老驼子站在那屋脊上,一双巨目望着“万家香”后院直皱眉!

“万家香”的人,他不怕,也好对付,他有把握,凭他一身所学,就是进出百儿八十趟,也没人能发觉!

可是对这两只生性机警、凶猛的畜生,他可没了辙!

这两只畜生,比普通的狗,鼻子、耳朵更灵,生人就别想走近它身边十丈之内,除非不想走了!

这可作了辣!

蓦地里,老驼子须发暴张,闪身欲扑,想来硬的!

可是刹那间他又敛去威态,收住身形!

凭他,来硬的可以,再有这么十只也不在乎!

无如,这时候,这地力不能末硬的!

虽然有把握让这两只畜生,一声不响地躺下,可是天亮之后仍是被人发觉有人进了后院!

这硬办法行不通!

再看看“万家香”的居家后屋,早没了灯火,也不闻人声,敢情正睡得既甜又香,正躺在被窝里做美梦!

怎不高枕甜睡?有这两只畜生,足胜过十名—流高手,当然人家要放心睡觉了,根本不用担心嘛!

想用点吃的东西,把它们引开,那也没有用,单瞧尽管远近犬吠,而这二只畜生却闷声不响,这一点,就知道这两只獒犬是久经训练,不随便吃食的!

怎么想,也只有一个法子可行!

那是最笨的法子,笨是笨,可也最冒险!

那就是先在别处弄出些声响,引那两只獒犬离开西北角,然后乘那间不容发的一瞬之机,射落西北角探视,而且一来一回,绝不能超过那一瞬间,要不然非被那两只畜生发觉,惊动“万家香”里的人不可!

这够险的,也够难的!

既够险,够难,这张老脸要紧,总不能说因为有这两只畜生挡驾,就空手回去,那老脸就没地儿放了!

说难可还真难,弄出的声响,只能让两只畜生听见,还不能让后屋睡觉的人听见,否则仍没用!

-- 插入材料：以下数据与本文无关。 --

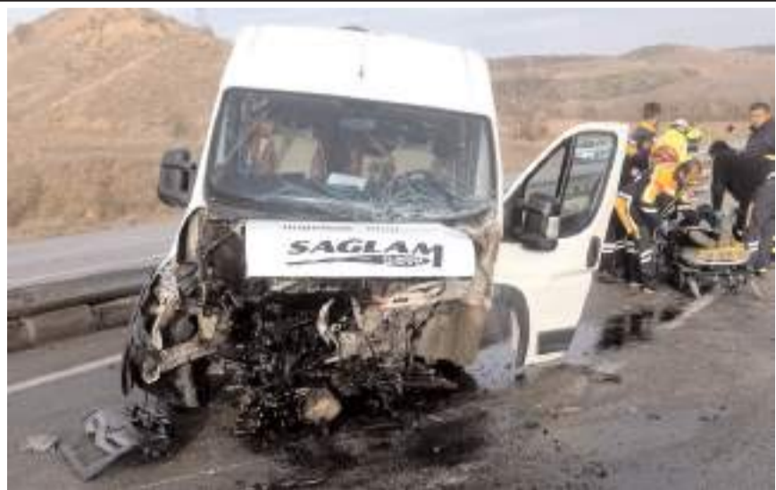
Kazada her iki araçta da maddi hasar meydana geldi.

Kaza esnasında Merzifon'dan Çorum istikametine seyir halinde olan 19 DT 143 plakalı otomobilede kaza yapan araçların parçalarına çarptı. Araçta maddi hasar meydana geldi.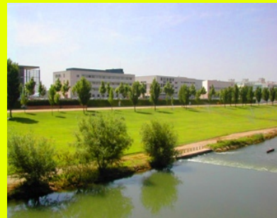
Vista des de el marge dret del riu Segre

心念既决,老驼子弯腰自立身屋面上,轻轻地揭下一片瓦,两个指头微捏,瓦碎数块,然后捏着一小块破瓦,抖腕轻抛,直向后院东南角投去!

只听“噗”地一声轻响,破瓦片落人了酱缸!

就这么一声轻响,两只獒犬自西北角腾身窜起,飞扑东南角,比箭还疾,真快得吓人!

适时,老驼子人如轻烟,也自屋脊上腾身,直落“万家香”后院西北角,快捷如电,伸手三探,随又腾起!

可真是快,可以说停都未停,等二只獒犬闻声回头时,老驼子早没了影儿,好险!

如今,老驼子已知那三只小缸,装着何物!

一路疾驰地,回去“复命”了!

到了“家”,老驼子闷声不响,左手推门而人!

屋内,黄姓老者、算卦的、书生,等候多时!

算卦的首先站了起来,笑问:“三弟,如何?”

老驼子绷着脸,一声没吭,突然伸出右手!

天!自肘以下,全是酱!

黄姓老者、算卦的、书生,全怔住了!

而且都想笑,可没好意思笑!

半晌,算卦的跟书生目光齐注黄姓老者!

黄姓老者突然皱眉摇头:“这是怎么回事儿,难不成我会出错?”

自然,算卦的、书生,甚至于老驼子,谁都相信,这位拜兄不伸手便罢,伸了手,便绝不会出错的!

那么?

书生摇头一叹说道:“迟九如的确够厉害的!”

黄姓老者诧声说道:“四弟足说他已知道……”

“知道倒未必!”书生摇头说道:“至少他已提高了警惕!”

黄姓老者皱眉沉吟,道:“四弟,我担心他已认出是我!”

“很难说!”书生道:“也许他只是提防第二个非看货不可的买酱客!”

黄姓老者道:“里面如今恐怕没文章了!”

书生摇摇头,没说话!

突然,老驼子一跺脚,翻身往外便闯!

算卦的站得最近,眼明手快,一把将他抓住:“三弟,那儿去?”

老驼子巨目暴睁,须发俱张,道:“找那兔崽子去,他敢作弄我!”

算卦的道:“急什么,既然有他一份,他总跑不掉的!”

书生也道:“三哥,为大局,多忍忍!”

老驼子还想再说!

黄姓老者已然摆手说道:“三弟,小不忍则乱大谋,先去换件衣裳,待会儿咱们再仔细商量商量!”

大哥说了话,老驼子还能怎么样?狠狠一句:“到时候我非把那兔崽子,头朝下丢进酱缸里不可!”